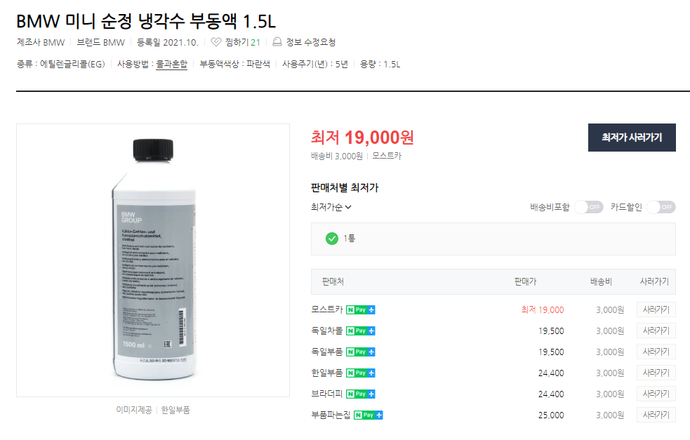 작년에 사둔 부동액이 아직 1/3 정도 남아 있었다. 부동액이 섞이면 안 좋다는 얘기가 있어서 정품을 구매했다. 급하게 부동액이 필요할 때는 수돗물만 넣어서 응급조치를 해도 상관없다. 물론 증류수를 사용해도 좋지만 찾아보니 크게 상관은 없는 것 같다. 다만 주의할 점은 절대 지하수를 사용하면 안 된다. 지하수는 철이 많이 함유되어 엔진 내부에 녹이 발생하기 때문이라고 한다.
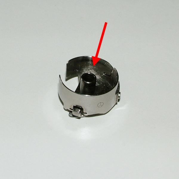 Try taking a good look inside the bobbin case. Over the time, a lot of nearly invisible dust accumulates inside the notch where the thread passes through, preventing smooth thread passage and subsequently ruining the final embroidery. Use a pin to clean it—sometimes the brush from your machine’s accessories won’t be sufficient. You also need to lift the small metal “finger” where the dirt can collect.
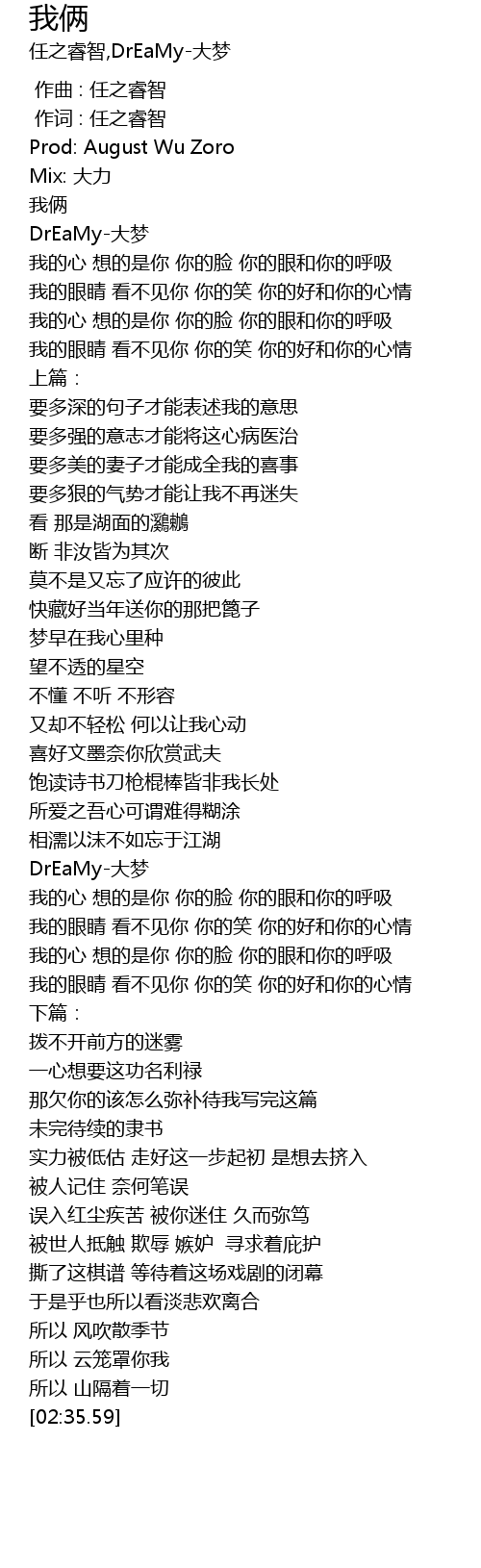 | [02:15.77] | 误入红尘疾苦 被你迷住 久而弥笃 |
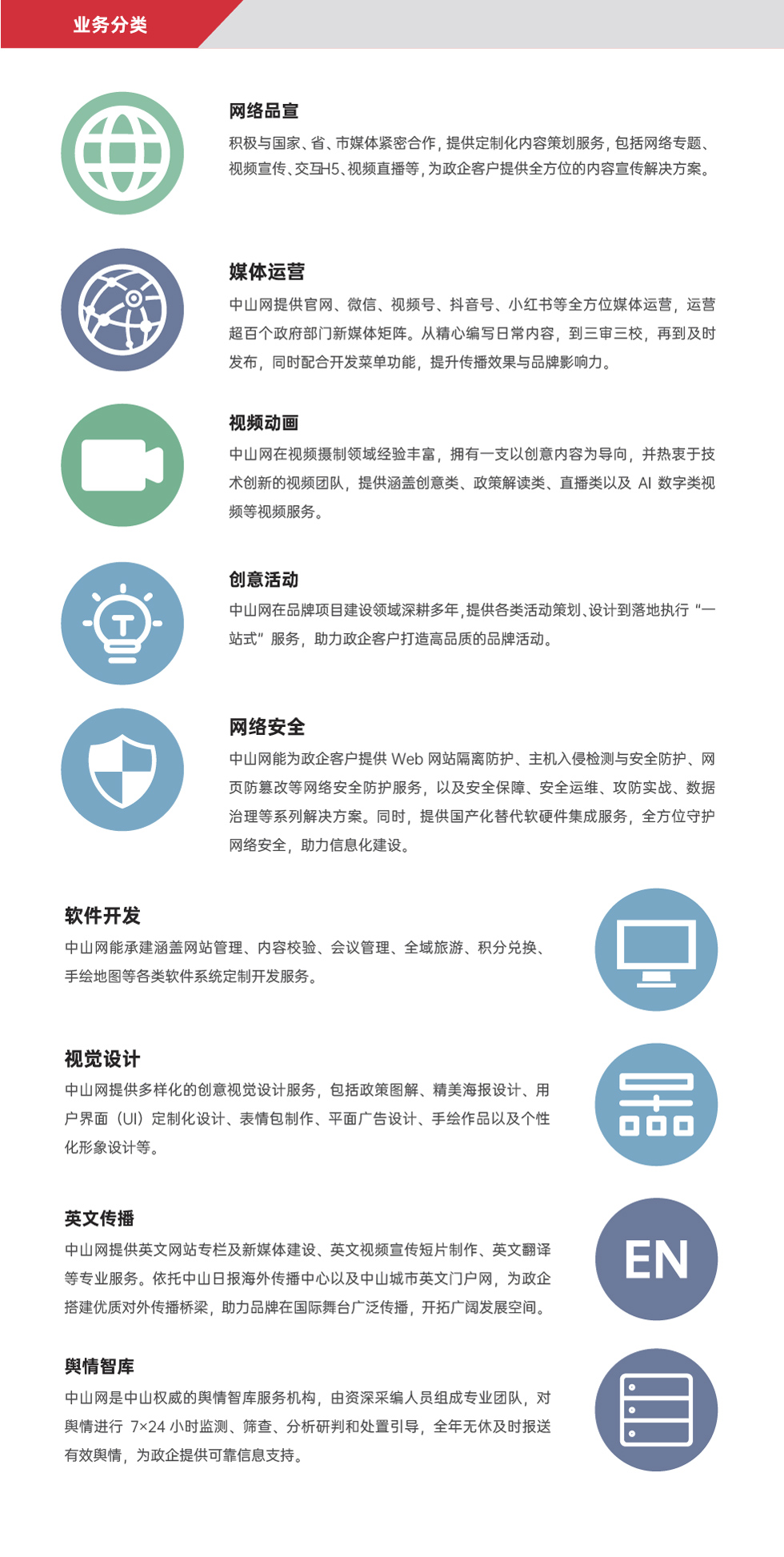 廣東中山網(wǎng)傳媒信息科技有限公司(簡(jiǎn)稱中山網(wǎng)信科)是一家以本地新聞門戶網(wǎng)站——中山網(wǎng)為平臺(tái),以新聞資訊、視頻動(dòng)畫、媒體運(yùn)營(yíng)、輿情智庫(kù)、網(wǎng)站建設(shè)及運(yùn)維服務(wù)和網(wǎng)絡(luò)安全技術(shù)服務(wù)為主營(yíng)業(yè)務(wù)的互聯(lián)網(wǎng)綜合信息及技術(shù)服務(wù)運(yùn)營(yíng)商。

....................

— What the task requires —
Copy exactly the lines that run from the line containing "被你迷住 久而弥笃 |" to the end of the data above, keeping both end lines and leaving out all pictures.

— Reply —
 | [02:15.77] | 误入红尘疾苦 被你迷住 久而弥笃 |
 廣東中山網(wǎng)傳媒信息科技有限公司(簡(jiǎn)稱中山網(wǎng)信科)是一家以本地新聞門戶網(wǎng)站——中山網(wǎng)為平臺(tái),以新聞資訊、視頻動(dòng)畫、媒體運(yùn)營(yíng)、輿情智庫(kù)、網(wǎng)站建設(shè)及運(yùn)維服務(wù)和網(wǎng)絡(luò)安全技術(shù)服務(wù)為主營(yíng)業(yè)務(wù)的互聯(lián)網(wǎng)綜合信息及技術(shù)服務(wù)運(yùn)營(yíng)商。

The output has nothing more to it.